[Problem details]: Please write out the lines of the data exactly, beginning with the first and ending with the line containing "There’s a much"; leave the pictures behind.

-- Data for this exercise follows --

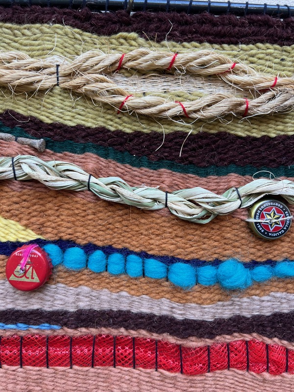 Está realizado sobre bastidor, en telar de alto lizo, con lanas teñidas a mano con tintes naturales, y trenzas de esparto, de enea, mallas de plástico, chapas, y otros abalorios.
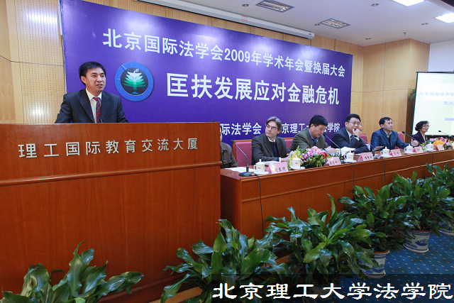 11月7日上午,北京国际法学2009年学术年会暨匡扶发展应对金融危机学术研讨会开幕式在金年会jinnianhuicom国际教育交流大厦三楼报告厅隆重召开。这次盛会由北京国际法学会和金年会jinnianhuicom法学院主办。北京国际法学会会长,北京大学法学院常务副院长李鸣教授,最高人民法院副院长、全国政协常委、北京国际法学会名誉会长万鄂湘教授,金年会jinnianhuicom党委副书记侯光明教授,北京国际法学会副会长、中国政法大学国际法学院粱淑英教授,北京国际法学会秘书长、北京大学法学院院长助理刘东进副教授,北京市法学会副会长杜石平先生,国际红十字委员会东亚地区代表处副代表安东咔门先生,商务部副巡视员杨国华博士及来自北京大学,中国人民大学,中国政法大学,金年会jinnianhuicom,北京外国语大学,国际关系学院,法学研究所,中央军委,海军等单位的知名学者和专家以及台湾学者130多人参加本次盛会。我校党委副书记侯光明教授代表金年会jinnianhuicom向大会及各位代表致欢迎词,会议由金年会jinnianhuicom法学院副院长李寿平教授主持。
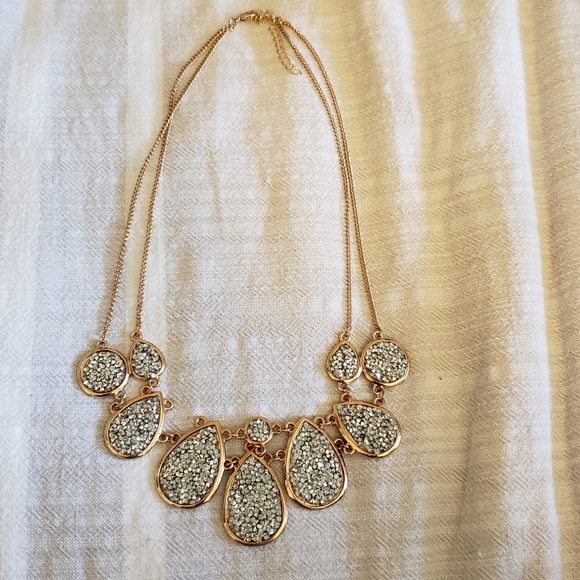 Gold and sparkly statement necklace, double chain and adjustable neck clasp
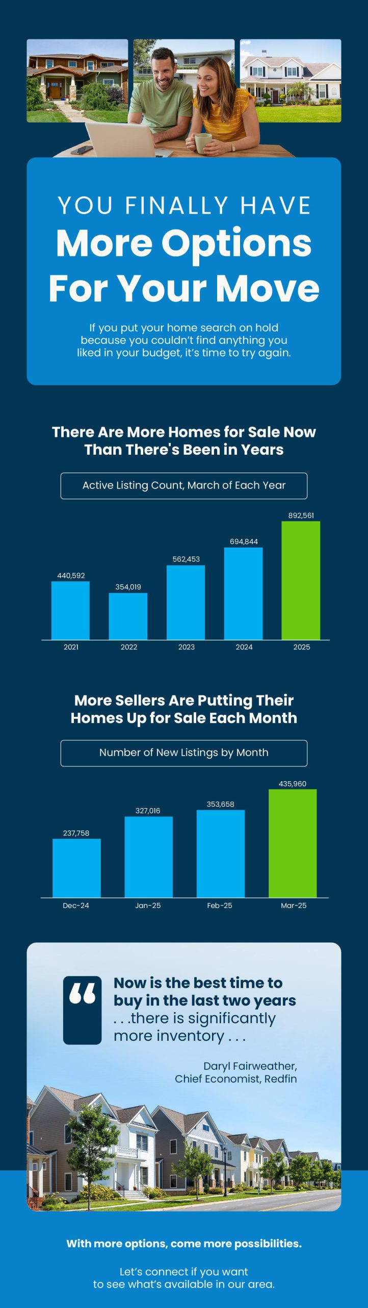 There’s a much wider selection of homes for sale, with more fresh listings hitting the market each month.
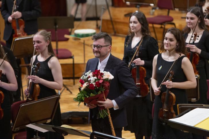Symfonia ukraińska Kałaczewskiego, zestawiona z tymi utworami, miejscami zabrzmiała blado. Nie mówię tu o jakości wykonania, które w mojej opinii było wzorowe – Ukraińska Orkiestra Symfoniczna „Nadiia”, której muzycy to w większości młodzież, zaprezentowała wyjątkową koncertową dyscyplinę pod batutą Jurka Dybała, z którym nie pracuje przecież na co dzień. W moim uchu problem tkwił w fakcie, że Symfonia ukraińska została ukończona, gdy jej kompozytor miał zaledwie 26 lat. W zestawieniu z Pendereckim i Lutosławskim zabrzmiała więc niczym urokliwa kompozycja poszukującego młodzieńca, której zabrakło dramaturgicznego sznytu i organicznej narracji. Stosunkowo wolne od tych mankamentów było Scherzo kompozycji oraz, w szczególności, jej finał – pozwoliło to zakończyć wydarzenie z przytupem, a nawet zwieńczyć je krótkim bisem w postaci fragmentu drugiej części dzieła. Silnie znużyła, niestety, pierwsza część Symfonii, w której nie znalazło się wystarczająco angażującej narracji i przekonujących napięć i rozwiązań, które mogłyby uzasadnić jej prawie piętnastominutową długość.
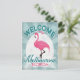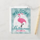 Melbourne Flórida flamingo rosa. No estilo de pôsteres de viagem vintage, diz "Bem-vindo a Melbourne, Flórida" em rosa, branco e verde turquesa menta.
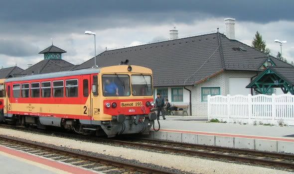 MÁV [series] Bzmot [no.] 293 railcar at Zalalövő station (along the rebuilt line to Slovenia), with standard MÁV fence (photo from RailFanEurope.net by Helmut Uttenthaler)
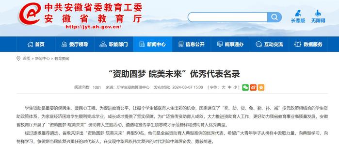 近日,安徽省教育廳公布全省“資助圓夢 皖美未來”優秀典型案例遴選結果,我校優秀畢業生方源盼成功入選(全省僅50人)。

-- Data for this exercise concluded --

[Final answer]:
 Está realizado sobre bastidor, en telar de alto lizo, con lanas teñidas a mano con tintes naturales, y trenzas de esparto, de enea, mallas de plástico, chapas, y otros abalorios.
 11月7日上午,北京国际法学2009年学术年会暨匡扶发展应对金融危机学术研讨会开幕式在金年会jinnianhuicom国际教育交流大厦三楼报告厅隆重召开。这次盛会由北京国际法学会和金年会jinnianhuicom法学院主办。北京国际法学会会长,北京大学法学院常务副院长李鸣教授,最高人民法院副院长、全国政协常委、北京国际法学会名誉会长万鄂湘教授,金年会jinnianhuicom党委副书记侯光明教授,北京国际法学会副会长、中国政法大学国际法学院粱淑英教授,北京国际法学会秘书长、北京大学法学院院长助理刘东进副教授,北京市法学会副会长杜石平先生,国际红十字委员会东亚地区代表处副代表安东咔门先生,商务部副巡视员杨国华博士及来自北京大学,中国人民大学,中国政法大学,金年会jinnianhuicom,北京外国语大学,国际关系学院,法学研究所,中央军委,海军等单位的知名学者和专家以及台湾学者130多人参加本次盛会。我校党委副书记侯光明教授代表金年会jinnianhuicom向大会及各位代表致欢迎词,会议由金年会jinnianhuicom法学院副院长李寿平教授主持。
 Gold and sparkly statement necklace, double chain and adjustable neck clasp
 There’s a much wider selection of homes for sale, with more fresh listings hitting the market each month.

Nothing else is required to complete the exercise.